A second, more scientific method is to analyze sociological and demographic studies of Jewish communities. Ideally, there should be an academic institution that collects and analyzes the main sociological and demographic studies available worldwide on Jewish identity and draws conclusions from them. This, however, is not the case.
The third method is to examine various examples of Jewish outreach. By analyzing what makes for their success, one can learn much about the Jewish identities of people whom the outreach organizations are in contact with.
The First Approach: What Do People Say about Jewish Identity?
One strategy is to collect information about what people say about Jewish identity in general, or about their own Jewish identity. Abovementioned American sociologist Steven Cohen says, “In the 1960’s, there was still largely a consensus that being Jewish was a matter of obligations. Such norms can derive from God, parents, nostalgia, tradition, halacha [Jewish law], and/or belonging to the Jewish people. One could violate these, but then one felt guilty about it.” Cohen observes that for most American Jews nowadays, Judaism is an “aesthetic understanding” and being Jewish has increasingly become a matter of individual choice. 5
The American Jewish talk-show host Michael Medved said, “For most American Jews, the core of their Jewish identity isn’t solidarity with Israel; it’s rejection of Christianity.”6 However, sociological surveys reveal that this is not the case. It is even more untrue of European Jewry because Europe has undergone far-reaching secularization. Jewish communities often have far greater problems with aggressive secularists who attack their religious customs than with Christians.
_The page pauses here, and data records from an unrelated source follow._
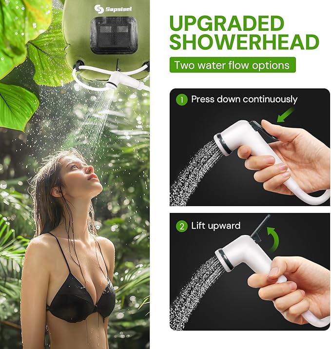 - 【Upgraded Shower Head】Enjoy ultimate convenience with an upgraded shower head, featuring an easy-to-use on/off switch for effortless control. You can adjust the water flow to your preferred intensity, ensuring a personalized solar shower experience. This camp shower is a must-have for any camping enthusiast, offering the great solution for your camping shower needs.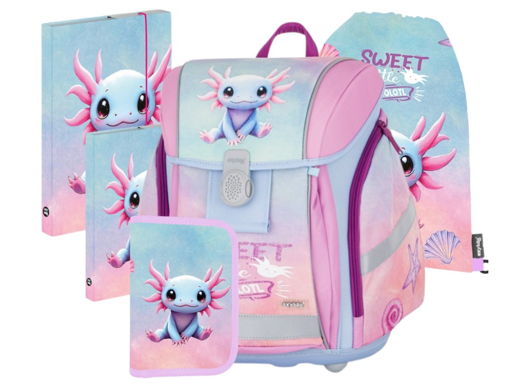Školní set Oxybag Premium Light Axolotl je ideální výbavou pro nástup do 1. třídy. Motiv oblíbeného axolotla v moderním designu zaujme děti a udělá ze školní výbavy originální doplněk.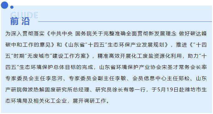 调研组指出,《山东省“十四五”生态环保产业发展规划》中提到:实施重点生态环保产业补链强链延链工程,发展化工行业污染防治产业链、工业废盐等综合利用产业链,这对于企业是一个良好的发展机遇。希望企业与协会加强交流沟通,利用协会平台优势,在工业废盐的综合利用、新化学物质登记等方面为企业助力。

The internationally known Dutch Jewish writer Leon de Winter said, “Identifying with Israel makes me Jewish. I am not religious, but I clearly show where my sympathies lie in the Palestinian-Israeli conflict.” He adds, “I think that many people take that as a sign of my Jewishness.”7 This is an example where self-identification and how one is viewed by non-Jewish society overlap.
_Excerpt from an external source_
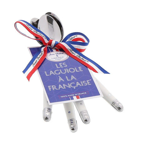 طقم ملاعق قهوة أنيقة من مجموعة "Laguiole à la française" من جون دوبوست بتصميم مستوحى من الثقافة التقليدية الفرنسية لتضفي لمسة أناقة و جمال على طاولة الطعام و طاولة القهوة. الملاعق مغلفة بشكل رائع مما يجعلها أيضاً مناسبة كهدية لمن تحب، و بإمكانك أيضاً إكمال الطقم بشوك و ملاعق و سكاكين من نفس المجموعة و التي تباع منفصلة.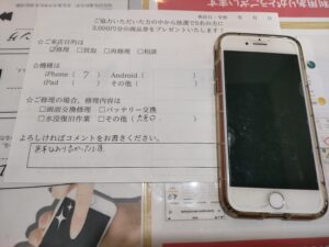 スマホスピタル練馬 iPhone 7の修理のお客様からコメントをいただきました。

Author Isaac Deutscher wrote an essay titled “The Non-Jewish Jew.”8 He stressed that neither the Jewish religion nor peoplehood meant anything to him. Deutscher’s Jewishness was based mainly on solidarity with other Jews. This attitude differs from that of the former leader of the Dutch Labour Party and former mayor of Amsterdam, Job Cohen. Although he does not deny that he is Jewish, he has often said that it means very little to him. Yet Cohen receives anti-Semitic letters and emails. He also realizes that behind his back, anti-Semitic remarks are made about him.9 Once again, there are two elements of identity – how Cohen sees himself and how others regard him.
One could bring many more examples of how individuals define their Jewishness and how society views Jews. This would also lead to a radically different emphasis on what the enemies of the Jews and Israel say about Jewish characteristics. Such a discussion would, however, necessitate a detailed and lengthy analysis of contemporary anti-Semitism.
How Jews view other Jews has evolved greatly from the days when the Passover Haggadah was written. This also reflects on identity. One aspect, for instance, is that some people who have a Jewish father and a non-Jewish mother regard themselves as Jews. This self-definition is accepted by many liberal and nonreligious Jews. Yet Orthodox Jews and many others do not consider such people Jews. The result is another split in identity. Some people are halachically and sociologically Jewish, others are only sociologically Jewish.
The Second Approach: Analyzing Sociological and Demographic Studies
A second approach to assessing Jewish identities is to analyze sociological and demographic studies on Jews. In the Netherlands, such a study was done in 2009.10 It investigated what binds people to being Jewish. The questionnaire asked the interviewees, “Can you describe what makes you Jewish instead of ‘just’ Dutch?”
In an earlier study in 1999,11 the questionnaire focused on religion, holidays, and customs as elements of bonding with Judaism. It also assessed bonding via secular Jewish culture, ties with the Jewish community, anti-Semitism, the Second World War, and the state of Israel.12
The authors stated, “Not all these bonds represent a positive sentiment toward Judaism or other Jews. A bond can also be based on negative occurrences related to Judaism, such as experiences one underwent in the Second World War or anti-Semitism.” Here once again, two elements emerge with regard to how Jewish identity is created. One concerns how Jews view their own identity. The other concerns how their identity evolves as a function of how others see them.
This survey also probed the ways in which people identified themselves as Jews. The questions were: “Do I consider myself a Jew? Do I feel Jewish? And in what situations in particular?” In the 2009 study, people were also asked to give themselves grades for how Jewish they were.13 This great variety of questions is a further indication of the fragmentation of Jewish identity.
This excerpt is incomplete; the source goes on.